Exercise requirements
Since pictures are not part of the copy, please output only the lines from the one with "1934-10-26 | 100 | |" through the end of the data below, exactly as written.

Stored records
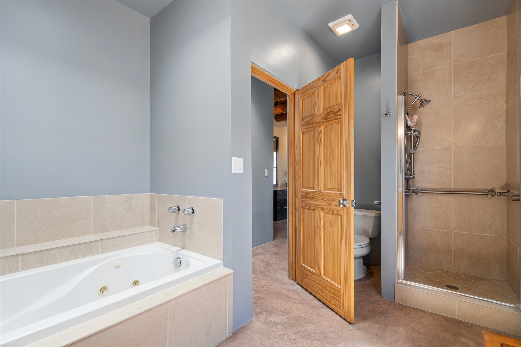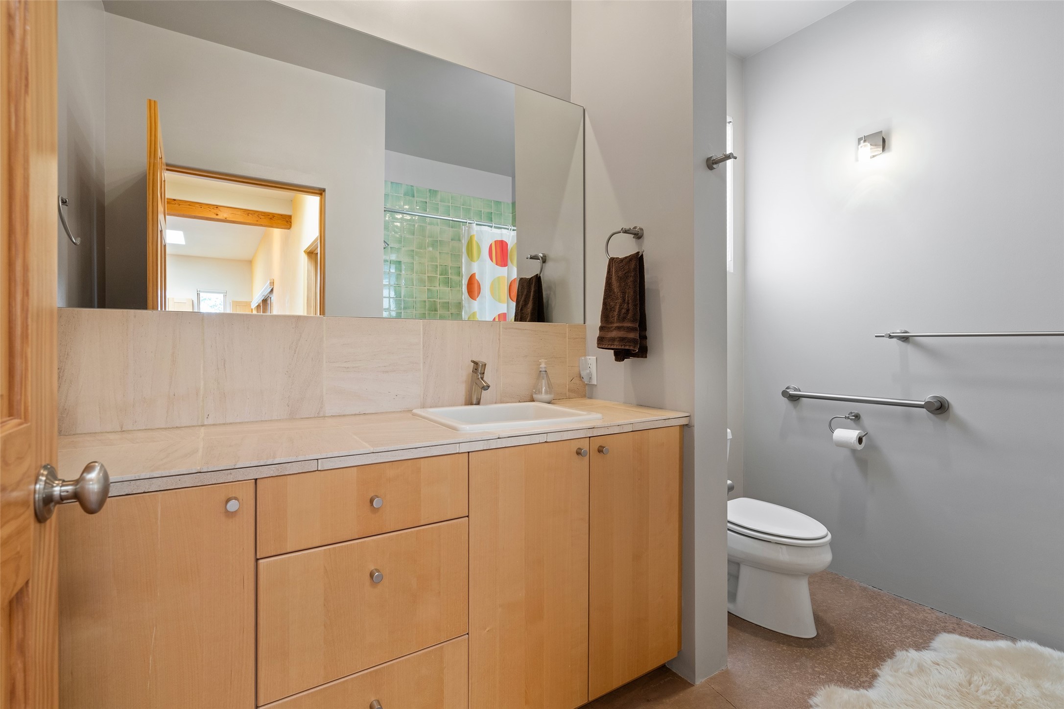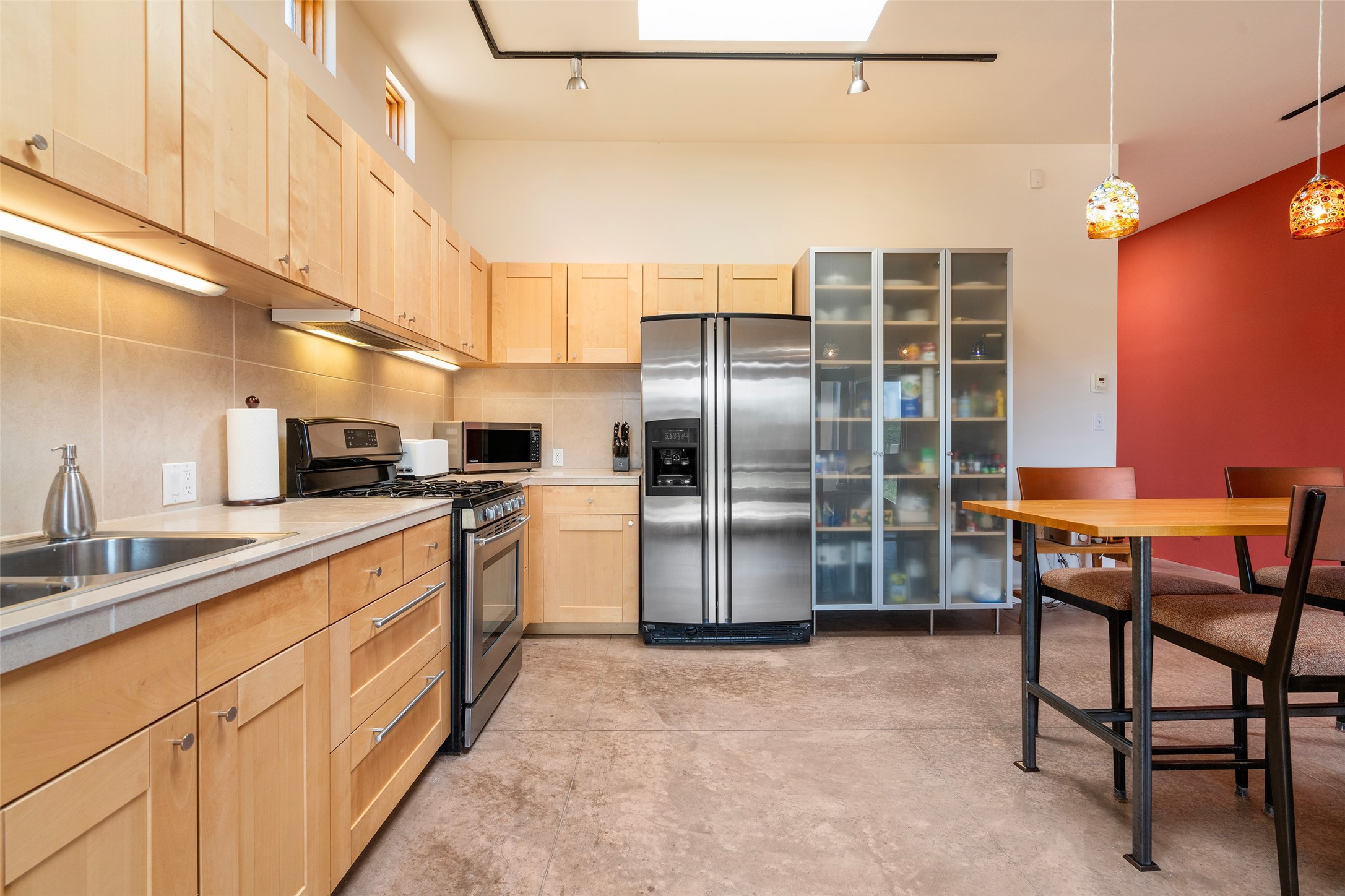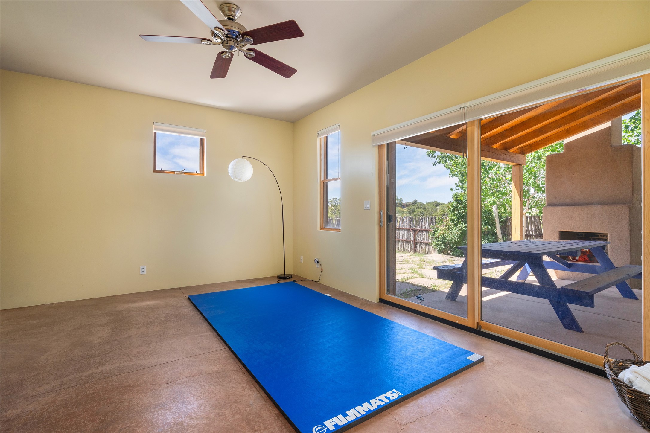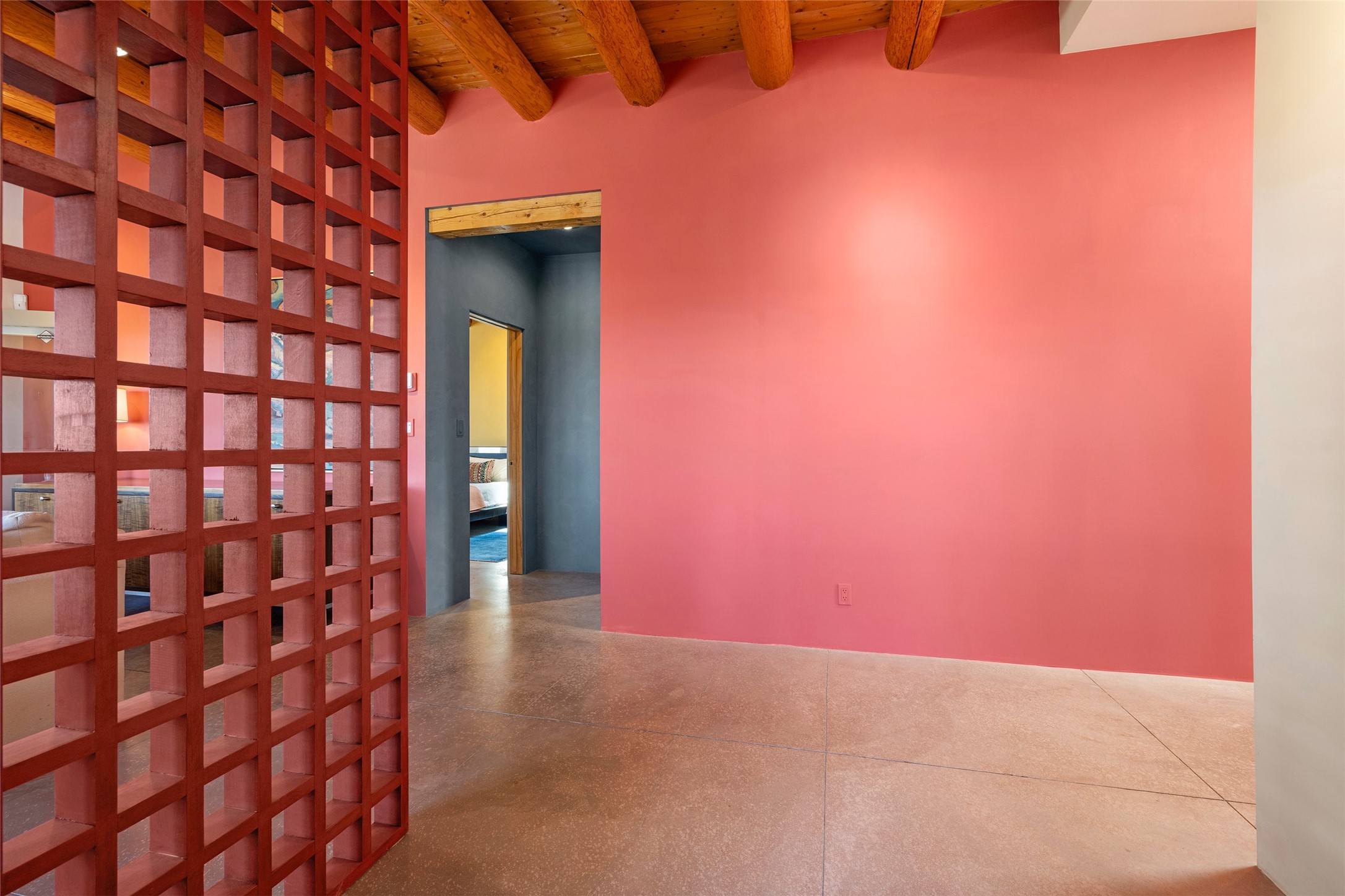 Lovely, contemporary Santa Fe style home in the East Ranch subdivision. This home sits on 2.13 acres, has views and features 3 bedrooms, 2 baths with concrete flooring throughout. Tiled counter tops in the kitchen with stainless appliances, maple cabinets plus an Ikea pantry unit. Seven skylights provide diffused lighting inside the home. Santa Fe touches include vigas and a kiva fireplace in the living area and vigas in the primary bedroom. Bold and colorful accent walls all around! New Hunter Douglas blinds recently installed. Light and bright laundry room with side by side W/D, a sink and cabinets. Two covered portals are located on the north and south side of the house. One portal has a kiva fireplace, the other portal has a kiva fireplace and a built in grill; perfect for outdoor entertaining. Spacious fenced yard in the back with a garden shed. Attached two car garage. This property is conveniently located just 4 miles from the Agora Shopping Center. Don't miss seeing this gem and the serenity of Southwest living!
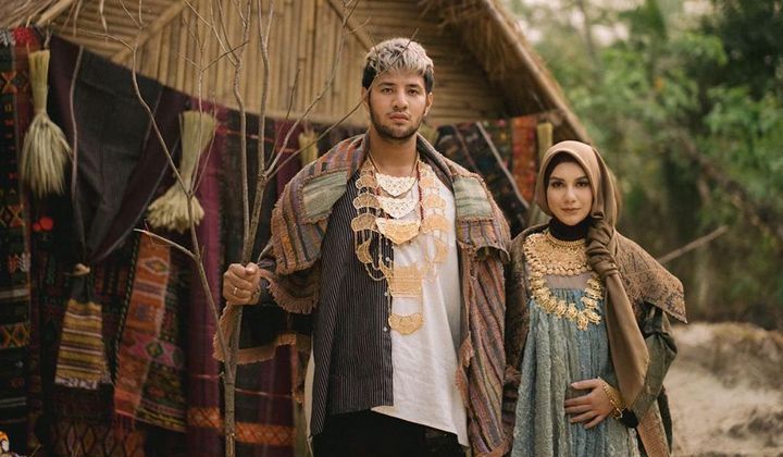 Tak jauh berbeda dengan Ammar, ia juga tampil kenakan setelan bernuansa gelap. Hanya saja di bagian jasnya terpampang sedikit nuansa merah muda yang bikin Ammar terlihat tak kalah kece.
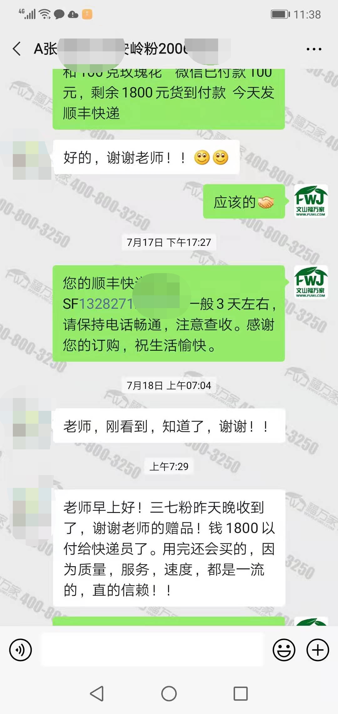 张女士一直在吃我们三七,用的效果不错,这次收到后反馈对我们福万家三七质量、服务、速度都很满意。
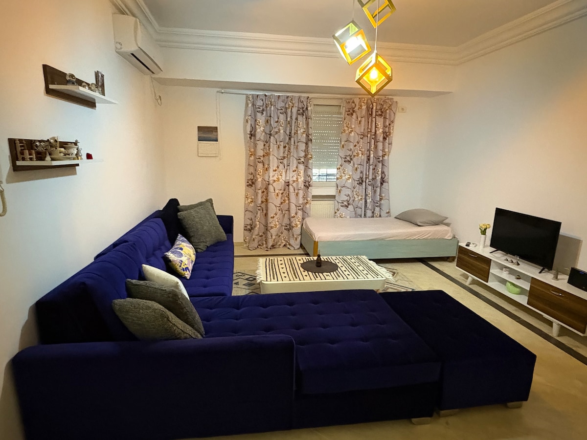 Be comfortable during your stay in Tunis. 12 minutes away from the airport. 🕣✈️ 🛋️ Spacious and very well decorated 🛁 Hot water and a bathtub 🛜 Strong wifi connectivity 👨💻 Proper workspace 👩🍳 Well equiped kitchen 📚 Must read books ❄️ Air conditioner and heaters Located in a residential and affordable area: 🏋️Gym ☕️Coffeeshops 🛒Supermarket 🥫Various merchants 🥖Bakery just in a 200 meters diameter Perfect for digital nomads or someone who is passing by Tunis for a few days.
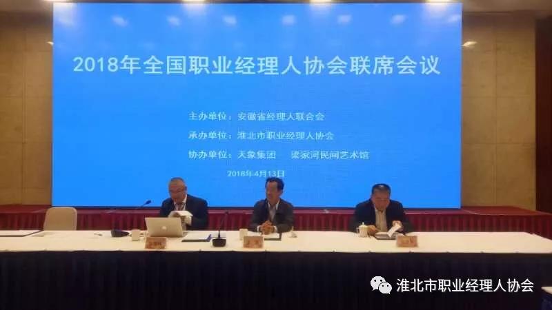 2018年全國職業經理人協會聯席會議暨淮北市工商聯招商推介會于4月13日~14日在淮北市口子國際大酒店圓滿結束。本次會議是安徽省經理人聯合會主辦、淮北市職業經理人協會承辦、天象集團協辦的全國性會議。淮北職業經理人協會會長、天象集團董事長孔令發出席會議并致辭。
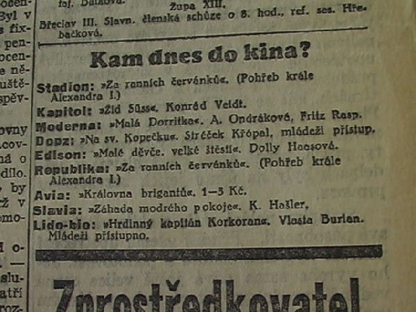 | Programme publishing date | 1934-10-26: Moravské noviny | 1934-10-26 | 100 | |
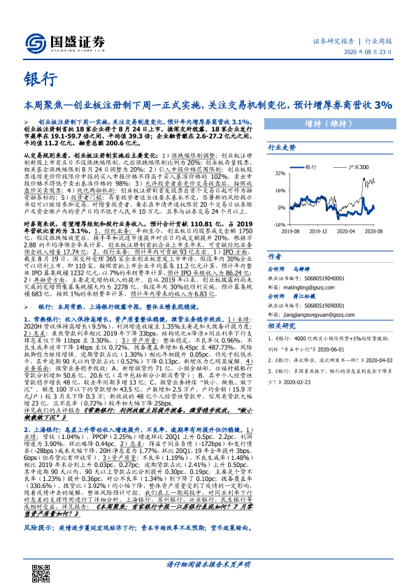 【国盛证券】【20200823】银行本周聚焦:创业板注册制下周一正式实施,关注交易机制变化-15页
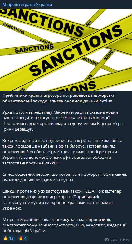 В частности, речь идет о предприятиях военно-промышленного комплекса РФ и других компаний, а также должностных лиц нацбанков России и Беларуси. Попали под ограничения лица и фирмы, способствовавшие агрессии России против Украины и с помощью которых Россия пыталась обходить примененные против нее санкции.
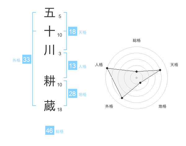 五十川 耕蔵さんを姓名の画数から五運を鑑定
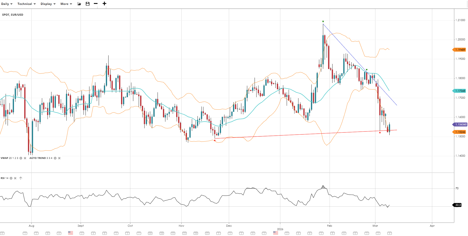 USD/JPY has shifted into a more bullish setup, but still within its sideways range with breaking back above the VWAP but below YTD highs. Momentum is strengthening, with RSI pushing higher as the pair recovers from its February lows and approaches key resistance near the upper standard deviation band.

Response to this task
 | Programme publishing date | 1934-10-26: Moravské noviny | 1934-10-26 | 100 | |
 【国盛证券】【20200823】银行本周聚焦:创业板注册制下周一正式实施,关注交易机制变化-15页
 В частности, речь идет о предприятиях военно-промышленного комплекса РФ и других компаний, а также должностных лиц нацбанков России и Беларуси. Попали под ограничения лица и фирмы, способствовавшие агрессии России против Украины и с помощью которых Россия пыталась обходить примененные против нее санкции.
 五十川 耕蔵さんを姓名の画数から五運を鑑定
 USD/JPY has shifted into a more bullish setup, but still within its sideways range with breaking back above the VWAP but below YTD highs. Momentum is strengthening, with RSI pushing higher as the pair recovers from its February lows and approaches key resistance near the upper standard deviation band.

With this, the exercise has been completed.